Given its high marks in Measuring Up 2004 on preparation and affordability, Utah does not perform as well as one might expect on measures of completion. Actual completion figures may be higher than the data would indicate given the fact that so many Utah students leave school for two years to fulfill missions for the LDS Church. However, the state does not collect specific data to show longer term persistence and completion rates, so it is difficult to tell exactly how the performance on this measure would change if the missionary factor were taken into consideration.

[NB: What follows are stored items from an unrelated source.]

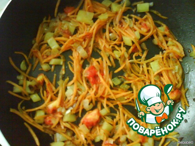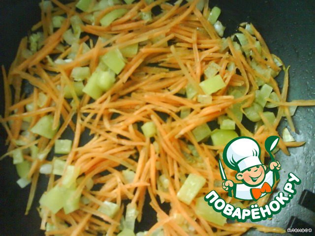 Добавляем морковь, дальше жарим уже на медленном огне.
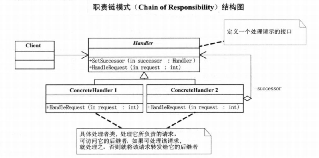 1.这当中最关键的是当客户提交一个请求时,请求时沿链传递直至有一个ConcreHandler对象负责处理它。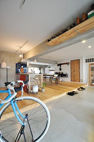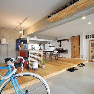 3LDKから思い切ってワンルームに変更。(将来は2LDKにも変更可能な間取り)土間はかなり広めに確保しました。自転車がご趣味のS様。土間は愛車を飾ったり、メンテナンスをしたりと重宝するそう。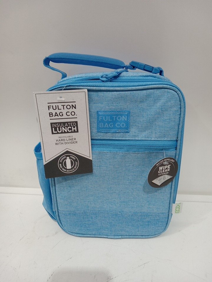 fulton bag co upright insulated lunch bag with hardliner and divider - harbor blue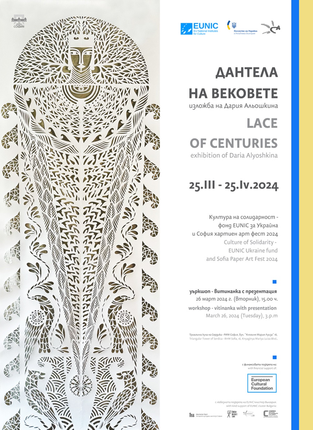 The State Institute for Culture is a partner of the exhibition with the author Ukrainian artist Daria Aloshkina. The project is happening thanks to the special program "Culture of Solidarity - EUNIC Fund for Ukraine", supported by the European Cultural Foundation and the Bulgarian cluster of EUNIC - Association of National European Cultural Institutes. The initiative has been embraced by the organizers of the Sofia Paper Art Fest and is included in the program of the Biennale in support of Ukraine and its presentation as part of the European cultural treasury. The exhibition is an important message to the modern world that calls for unity in the struggle for peace through culture.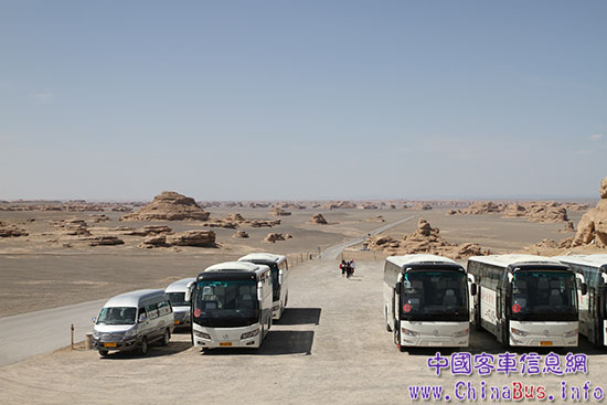 金旅客車在雅丹景區(qū)提供交通服務(wù)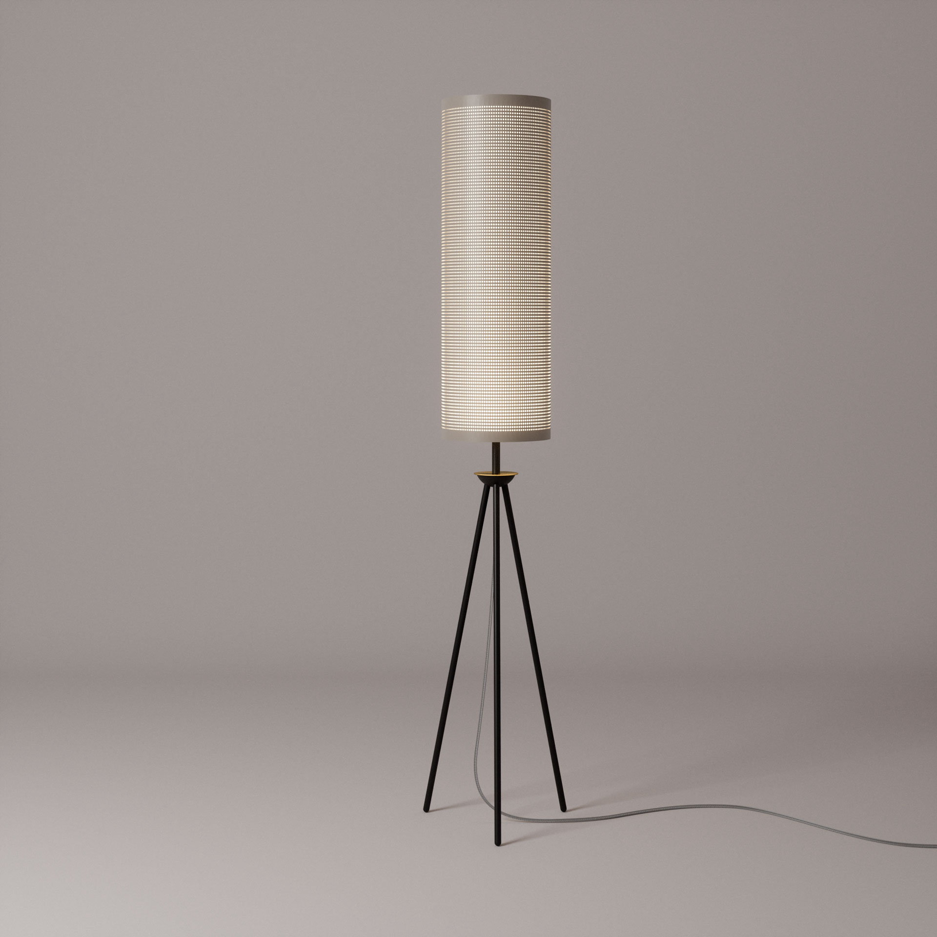 Para Felipe Hess, a iluminação é tão importante quanto qualquer outro elemento do design, pois é ela que tem o poder de realçar ou apagar os espaços. Apaixonado pelo assunto – e um consumidor voraz de tudo de bom que foi criado nos anos 1950 –, Felipe sentia falta de um desenho mais industrializado. Para criar sua linha Aurora, ele idealizou uma chapa perfurada, “como um filtro que oferece uma luz difusa, interessante, e um tripé com uma cruzeta muito simples e de formato piramidal”.

We do know that while Utah is at the very top in the state rankings in terms of numbers completing high school, it is just above the national average in terms of the percentage of the population with a bachelor's degree or higher: Twenty-seven percent of Utah adults have a bachelor's degree or higher, ranking 17th among the 50 states and the District of Columbia, and just above the national average of 25.9.24

According to Measuring Up 2004, Utah has been one of the fastest improving states over the past decade in terms of the proportion of students completing certificates and degrees relative to those enrolled. Of concern, however, is that the completion rate gap has widened between Caucasians and members of ethnic minority groups. Hispanic students are only three-quarters as likely to complete a degree as their white counterparts.25

Institutional level data does indicate that a significant number of students take seven or more years to complete their degrees: At Weber State University, for example, for the cohort of first-time freshmen in 1990-1991, 29% of students had completed a degree within six years; now, after more than 10 years, 50% of that cohort has completed a degree.26 At Utah State University, efforts have been made to improve the six-year graduation rate, which has increased from 41% (1992 cohort) to 57% (1997 cohort) as a result of specific efforts by the institution to move students through to completion more effectively.27


24 See U.S. Bureau of the Census, Ranking Tables 2002. http://www.census.gov/acs/www/products/ranking/2002/R02T040.htm and http://www.census.gov/acs.www/products/ranking/2002/R13T040.htm (January 22, 2004).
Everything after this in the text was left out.